Une clope. Satanée clope qu’elle avait arrêtée pourtant, qui ne lui avait pas manqué, et qui là, lui paraît essentielle pour contenir la sensation d’oppression. Le cœur agrippé par l’angoisse, prêt à éclater sous la pression, la fumée s’engouffre dans ses poumons. Ses acouphènes ont repris de plus belle malgré le traitement ; les boules de pétanque sont revenues s’installer dans l’estomac..., tout son être s’est crispé à l’annonce de la « libération ». Libération ? Pour qui ? Pas pour elle, qui avait enfin trouvé son équilibre, enfin réussi à se reconnecter, à trouver le temps. Le temps de le prendre, le temps d’en perdre, de le trouver, de se retrouver. Le temps de sentir les secondes s’écouler sur sa peau, de les admirer. Non les jours n’étaient pas plus longs : toujours vingt-quatre heures qui s’y pourchassaient. Pourtant ils ne lui avaient jamais parus aussi atemporels. Les journées défilaient dans un rythme chaleureux ; les aiguilles sur le cadran semblaient danser et ne plus pester contre la montre.

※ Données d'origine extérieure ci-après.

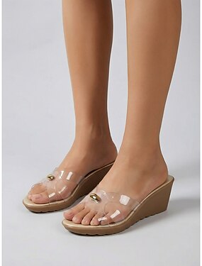 Sandálias femininas elegantes com salto anabela transparente e detalhes em metal dourado, perfeitas para férias em ilhas paradisíacas e cruzeiros tropicais. &resorts de praia de luxo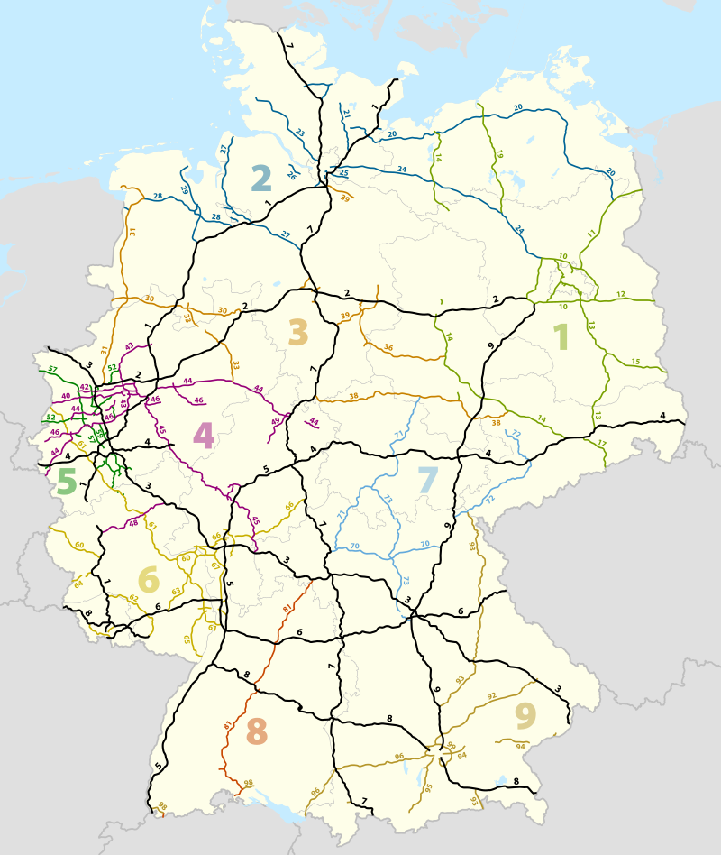 Към настоящия момент Федералната република разполага с мрежа от високоскоростни пътища с обща дължина 13 009 километра (на четвърто място в света след Китай, Съединените щати и Испания) и не спира да да я разширява – за да улесни шофьорите, пътуващи нерядко по стотина километра за работа. Магистралите с едноцифрен номер – като А3, например, са с национална или дори международна важност, тези с двуцифрени номера са предимно надрегионални, а трицифрените вече могат да бъдат определени и като такива със съвсем местно значение. От 2005-а тежкотоварните камиони плащат такси за минаването по автомагистралите в Германия, но за леките автомобили подобна мярка трудно би намерила приложение, макар за нея да се говори интензивно.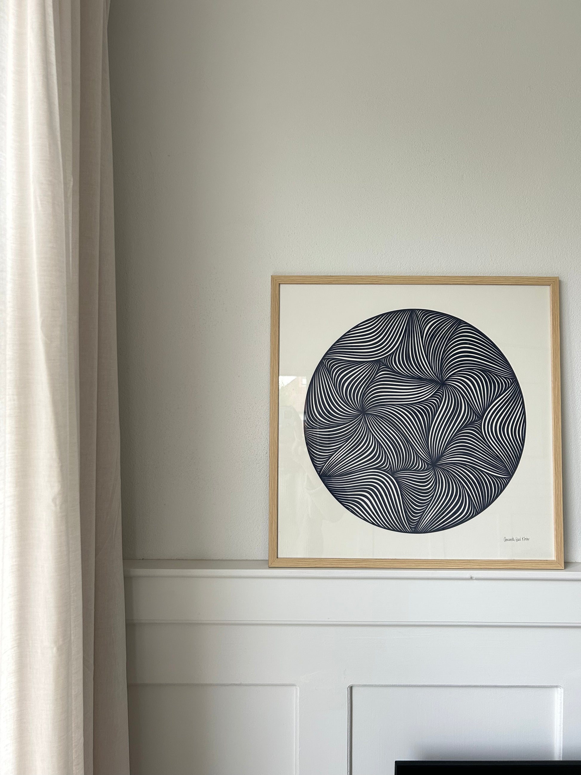 Rundt marineblåt klip på knækket hvid baggrund, 50x50cm.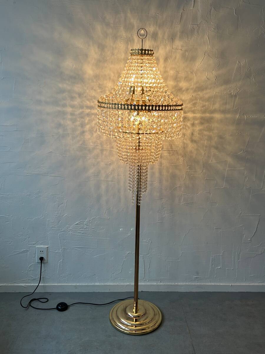 - ヤマギワ製 フロアスタンド シャンデリア ライト ランプ/検索用→ クリスタルガラス ゴールド 高級 ゴージャス 照明 エンパイア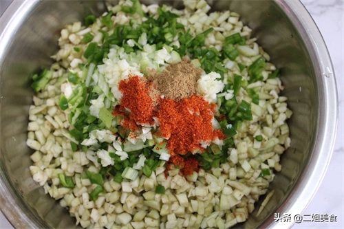 二姐做这道茄子包子,加入的茄子在放上调味料之后,味道就会软嫩鲜香,而且虽然不放肉但是做出来的味道比肉馅还要解馋一些。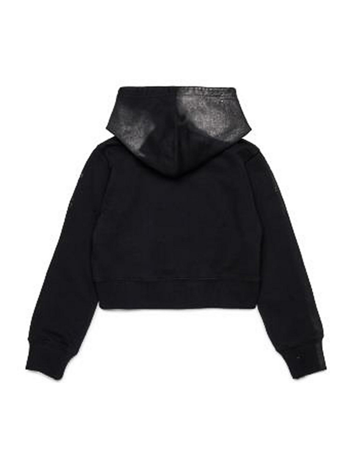 Felpa con logo nera modello crop collo hooded polsini a costine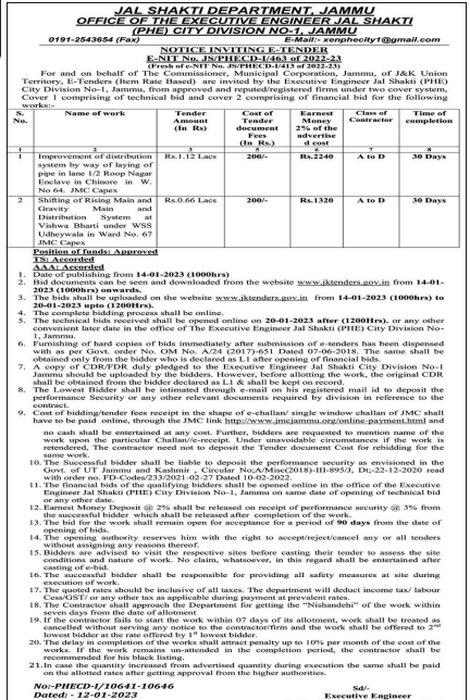 Tender for Shifting of of Rising Main and Main and Rs.0.66 Lacs Rs.1320 A to D 30 Days Gravity Distribution System at Vishwa Bharti under WSS Udheywala in Ward No. 67 JMC Capex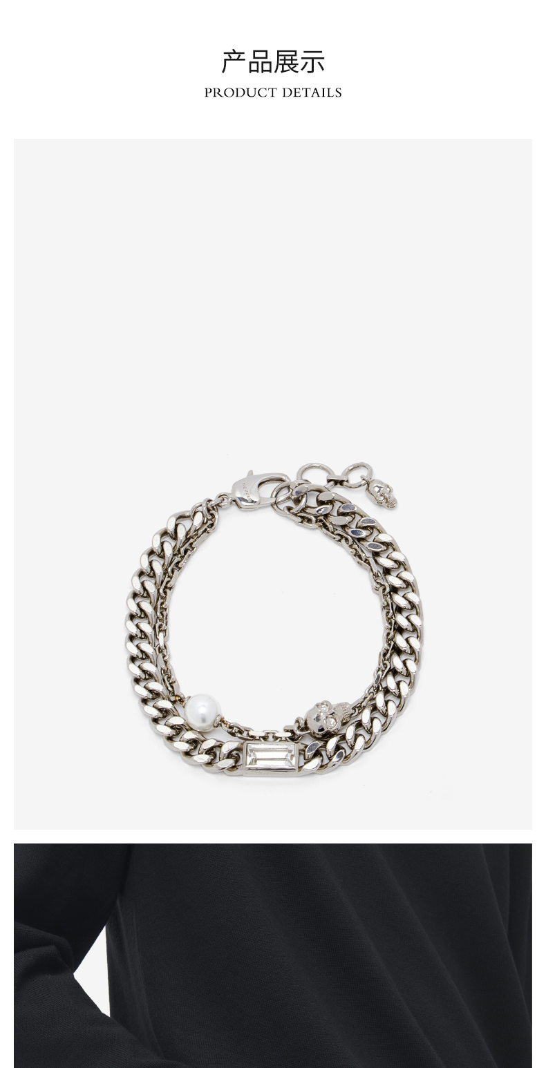 [Gift] Mcqueen Mcqueen Men's Skull&Pearl Layered Chain Bracelet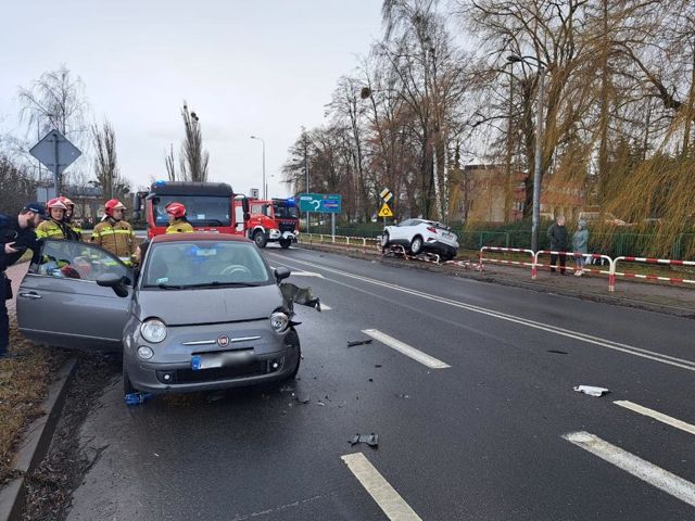 Po dojeździe na miejsce strażacy zastali dwa samochody osobowe po zderzeniu. Jeden pojazd znajdował się na jezdni, drugi na barierkach oddzielających jezdnię od chodnika. Pojazdami podróżowali kierowcy.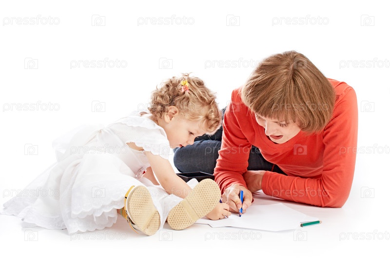 Мама и дочь рисуют, на белом фоне

Pour la première fois depuis son emménagement dans cette campagne profonde, le coassement des grenouilles dans le petit ruisseau parvenait au jardin, les oiseaux prenaient place sur le muret du voisin... Les abeilles, les papillons, les fleurs, tout lui paraissait plus épanoui que jamais. La nature semblait, comme elle, profiter d’un grand bol d’air frais, retrouver la joie d’être, ravie d’avoir reconquis un peu de l’espace qui lui avait été dérobé.
Ce matin, la terre elle-même a l’air peu enthousiaste. Rosalie se demande s’il s’agit d’un cinquième sens, ou si déjà le train de la vie qui redémarre l’a atteint comme une onde de choc. Les questions sans réponses se bousculent dans son esprit. Que se passera-t-il après ? Le rythme de croisière se fera-t-il balayé en quelques poussées de carte de crédit dans les magasins ? Où iront se loger les petites bêtes qui avaient enfin osé se dévoiler ? Et elle dans tout ça ? Combien de temps faudra-t-il pour que, elle aussi, oublie les bienfaits de cette pause ? Combien de temps faudra-t-il pour qu’à nouveau elle s’enlise dans cette existence qu’elle s’entête à poursuivre ?
En deux mois, elle a perdu du poids. Celui des boules de pétanque, de la nervosité, des repas sur le pouce. Son corps s’est soulagé, s’est enveloppé dans une plénitude que le quotidien surmené lui avait cachée. Une réconciliation avec les maux qui la rongeaient s’est déclenchée : elle les a nommés, les a acceptés, les a saisis à bras le corps pour les embrasser et les laisser couler hors d’elle.
Enfin le temps qui lui avait échappé se rapprochait d’elle et là, à l’idée seule de devoir s’habiller autrement qu’avec un paréo pour laisser l’air l’enlacer, de se flanquer d’un pantalon et d’un manches-longues pour cacher ses poils qu’elle a laissé vivre, Rosalie a l’impression de se séparer d’elle-même. Elle a envie de chialer.